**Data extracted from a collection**
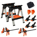 PONY ソーホース 2台セット 300mmFクランプ×2個付 スプリングクランプ×4個付 作業台 ワークテーブル 耐荷重544kg スチール固定足 DIY 日曜大工 木工工具
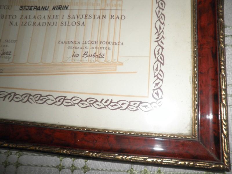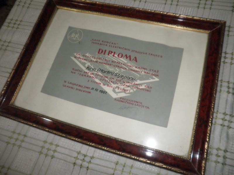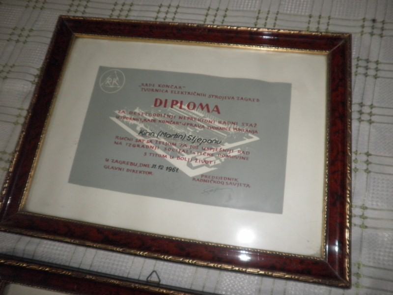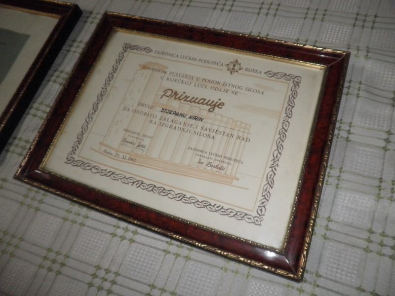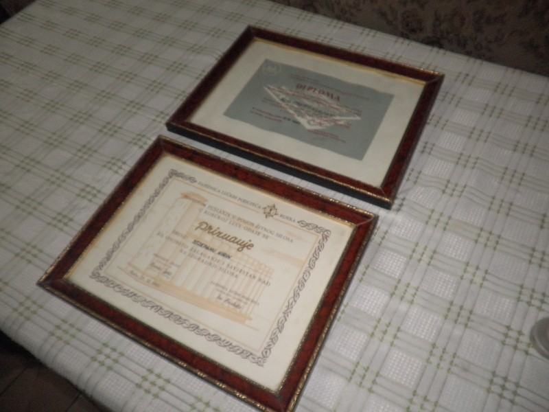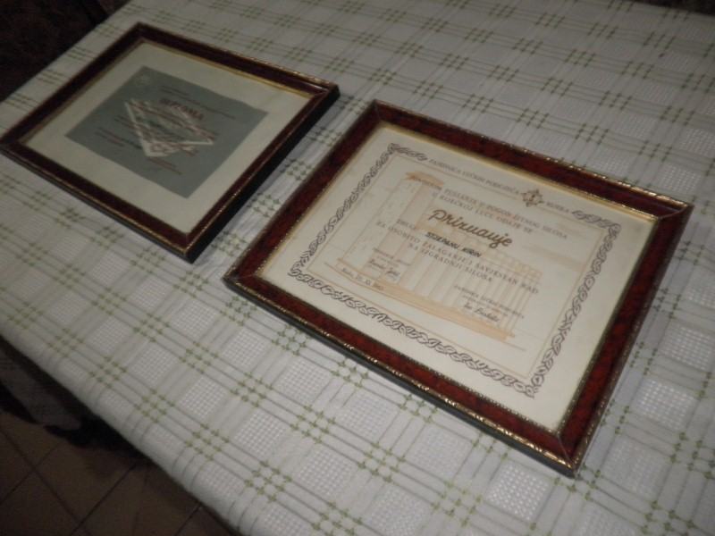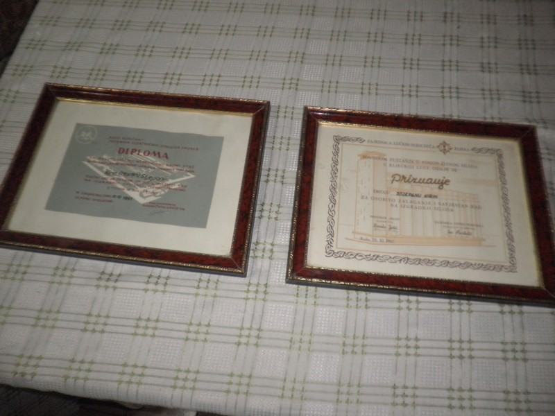 Stara uokvirena i ustakljena diploma i priznanje u odličnim i sačuvanim starinskim okvirima obje za samo 100 kn !!!
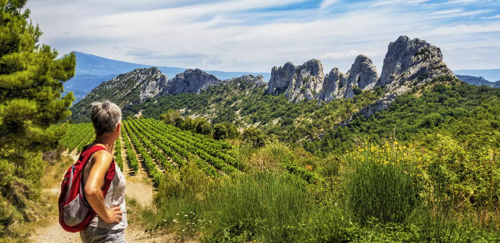 Durch felsgesäumte, grüne Täler gelangen wir auf Forstwegen zum malerischen Dörfchen Venasque, ehemalige Zufluchtsstätte der Bischöfe von Carpentras. Der Ort lädt mit verschiedenen Einkehrmöglichkeiten zu einer längeren Mittagspause ein. Wunderschöne Ausblicke auf den Mont Ventoux begleiten den zweiten Teil der Wanderung bis Le Beaucet. Fast verfallen, avancierte der Ort zum beliebten Künstlerrefugium und zeigt sich heute fast komplett restauriert (GZ: 3 1/2 Std., +/- 350 m).
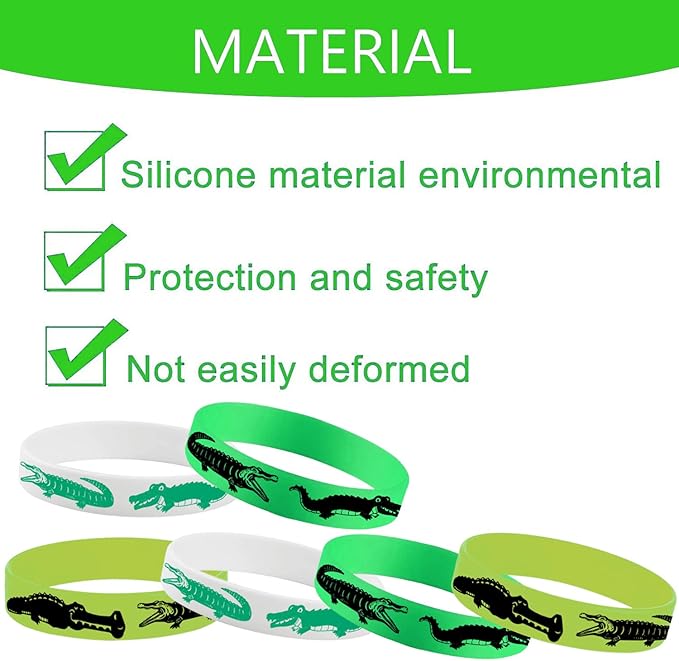 48PCS Reptile Crocodile Party Rubber Bracelets, Reptile Party Supplies Decorations Gifts Prize Goodie Bag Favors Crocodile Silicone Wristbands
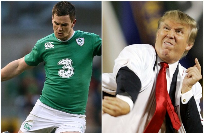 Ireland rugby star Johnny Sexton (left) and Republican presidential nominee (and amateur baseball pitcher) Donald Trump PA
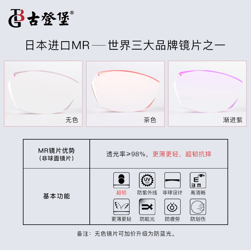 Wine Red Glasses Frame Import MR Colorless Lens Wine Red Glasses Frame Import MR Progressive Tea Lens Glasses Frame Anti-Blue Color lenses
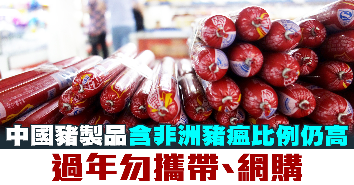 中國豬製品含非洲豬瘟比例仍高 過年勿攜帶.網購
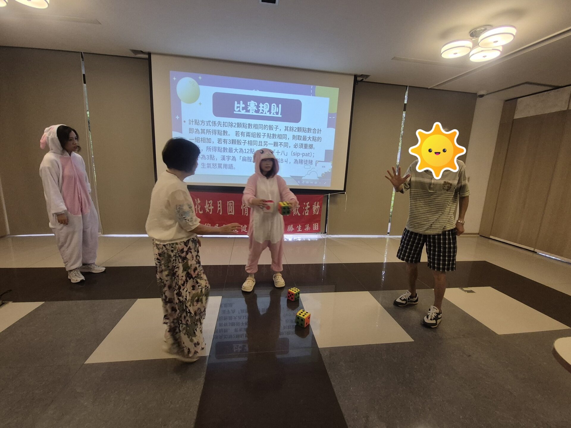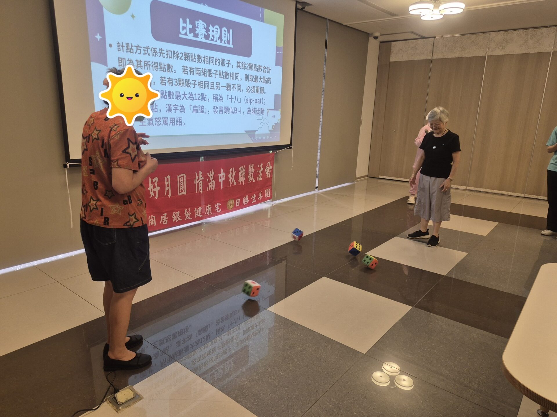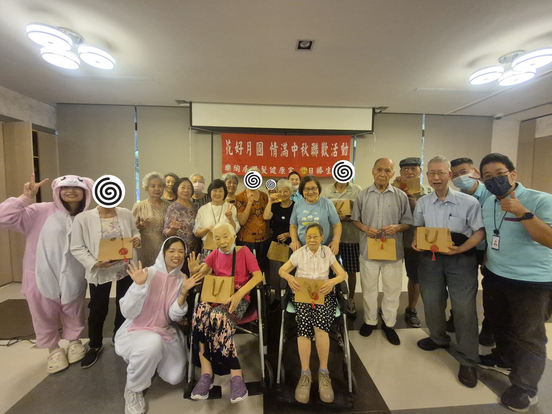月圓人團圓,中秋佳節團聚時刻,本次活動除了7-9月壽星慶生會外,還安排了趣味博餅遊戲,工作人員化身玉兔,與住戶同樂
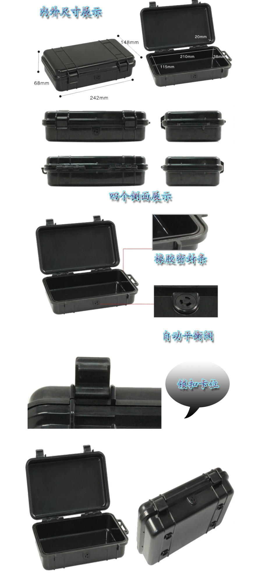 簡(jiǎn)要說明:廣泛用于傳媒、公安、消防、軍隊(duì)、航空、戶外攝影、野外考察、科學(xué)探測(cè)等眾多領(lǐng)域的高端儀器、儀表。具有高強(qiáng)度、高抗壓沖擊、防潮、絕對(duì)密封、防塵、防水等特點(diǎn)。產(chǎn)品材質(zhì):ABS原料,箱體采用高抗沖擊的高分子聚合材料一體注塑成型,密封采用扁型彈性發(fā)泡密封橡膠條,確保防水氣密,所有較軸均采用不銹鋼材質(zhì)。
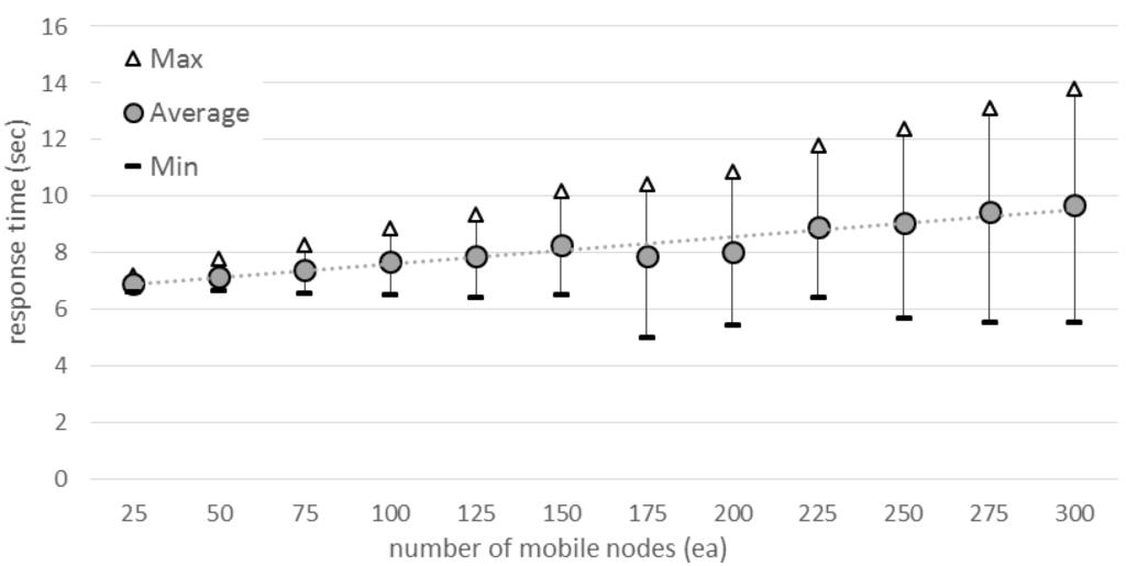 We created a simple service scenario to verify the performance of the ePost-it. In a conference with a large number of users participating, a presenter wants to distribute the presentation materials to the people in attendance. SHs are installed in each presentation room, and an SH sends the file to the mobile devices by detecting the presence of a user. Figure 15 shows the response time from user’s entrance to receiving the message, according to the number of mobile nodes. As shown in the figure, the response time increases slowly as the number of mobile nodes increases. We determined that an SH responds within a few seconds, in spite of numerous mobile nodes.
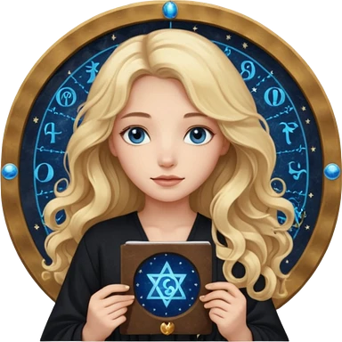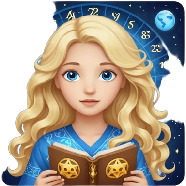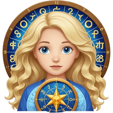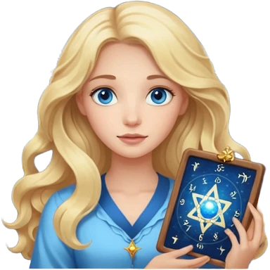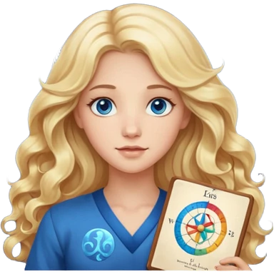 A long wavy haired blonde girl with blue eyes holding a astrology natal chart. emoji
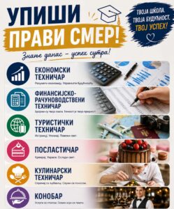 Министарство просвете објавило је План уписа у средње школе за школску 2026/2027. годину. Економско-угоститељска школа „Слободан Минић“ у Аранђеловцу и ове школске године нуди разноврсне образовне профиле, прилагођене интересовањима ученика и потребама савременог тржишта рада. Ученицима су на располагању следећи смерови: Кроз квалитетну наставу, практичну обуку и сарадњу са бројним
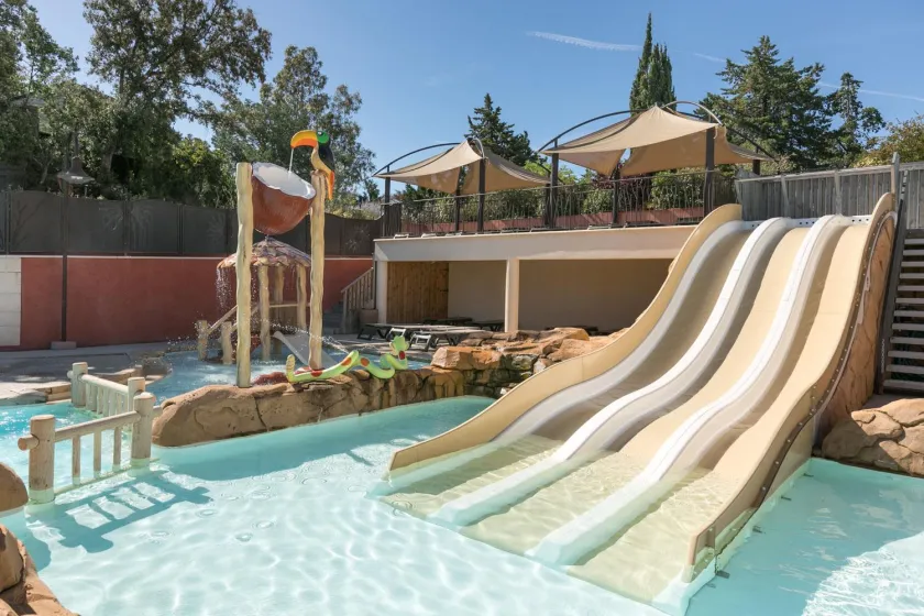 De camping is in de loop der jaren uitgegroeid tot een vakantieclub met vele gevarieerde activiteiten voor iedereen. Op het domein van 60 hectare liggen de toeristische staanplaatsen op het lage gedeelte, gescheiden van de huuraccommodaties. Hoge bomen en lagere bosschages zorgen voor voldoende schaduw en privacy. Centraal liggen het theater, het fantastische waterpark met diverse zwembaden, glijbanen, splashpark, wellness- en fitnessruimte, naast winkeltjes en restauratieve gelegenheden.

**Problem details**
Leave out the pictures and repeat exactly the lines from the first line of the data through the line containing "Stara uokvirena i". Add nothing else.

**Solution for this exercise**
 PONY ソーホース 2台セット 300mmFクランプ×2個付 スプリングクランプ×4個付 作業台 ワークテーブル 耐荷重544kg スチール固定足 DIY 日曜大工 木工工具
 Stara uokvirena i ustakljena diploma i priznanje u odličnim i sačuvanim starinskim okvirima obje za samo 100 kn !!!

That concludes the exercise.